Salt gradient experiments with mAbs B and D were also performed in a similar manner on the Phenyl Sepharose resin. A decreasing gradient of ammonium sulfate was run from 1.5 to 0 M ammonium sulfate at pHs 6 and 7 over 10 column volumes. The elution salt concentration at peak maxima was calculated from the gradient.

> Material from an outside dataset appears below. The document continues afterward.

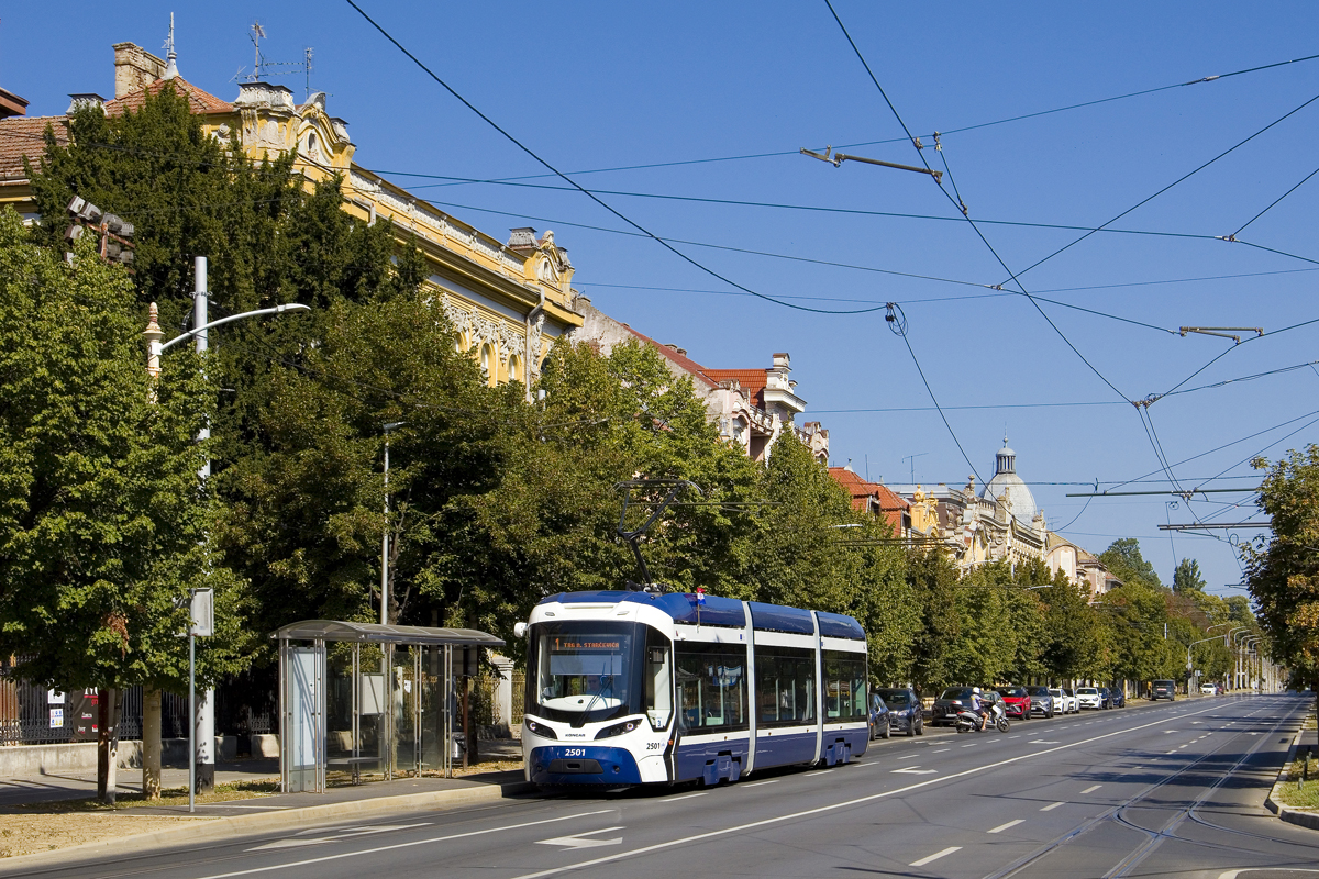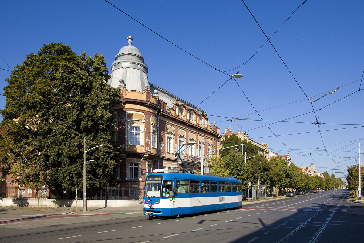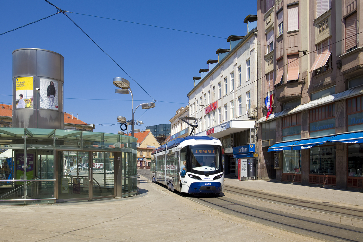 Am 15. August 2025 hat TMK 2500 2503 von Zeleno Polje kommend als Linie 1 die baustellenbedingte Endstation am Trg Ante Starčevića erreicht. Anschließend wendete der Wagen über das Gleisdreieck.

Preparative purification experiments

The HIC preparative experiments were performed in the flowthrough mode. A 1 cm D × 20 cm L column was used for each experiment. The column was first equilibrated with 3 column volumes of the equilibration buffer. The mobile phase salt concentration and pH of that buffer was specific to the protein and resin combination, as explained in the Results section. The column was then loaded with a specific amount of protein as mentioned above. The flowthrough peak collection was started as the UV started to rise and the product was chased with the equilibration buffer. The column was cleaned with 3−5 column volumes of water and sanitized with 0.5N NaOH. A residence time of 6 min was used throughout the process.

Analytical techniques

HMW levels in samples were measured by analytical Size Exclusion Chromatography (SEC) using TSK gel G3000 SWXL column. A mobile phase of 100 mM NaPO4, 200 mM NaCl, pH 6.8 and a flow rate of 1 mL/min was used. Elution peaks were detected by UV absorbance at 280 nm.

HCP levels in the samples from the preparative experiments were determined using an in-house generic HCP assay comprising an ELISA-based immunoassay using electrochemiluminescent detection on the Meso Scale Discovery platform.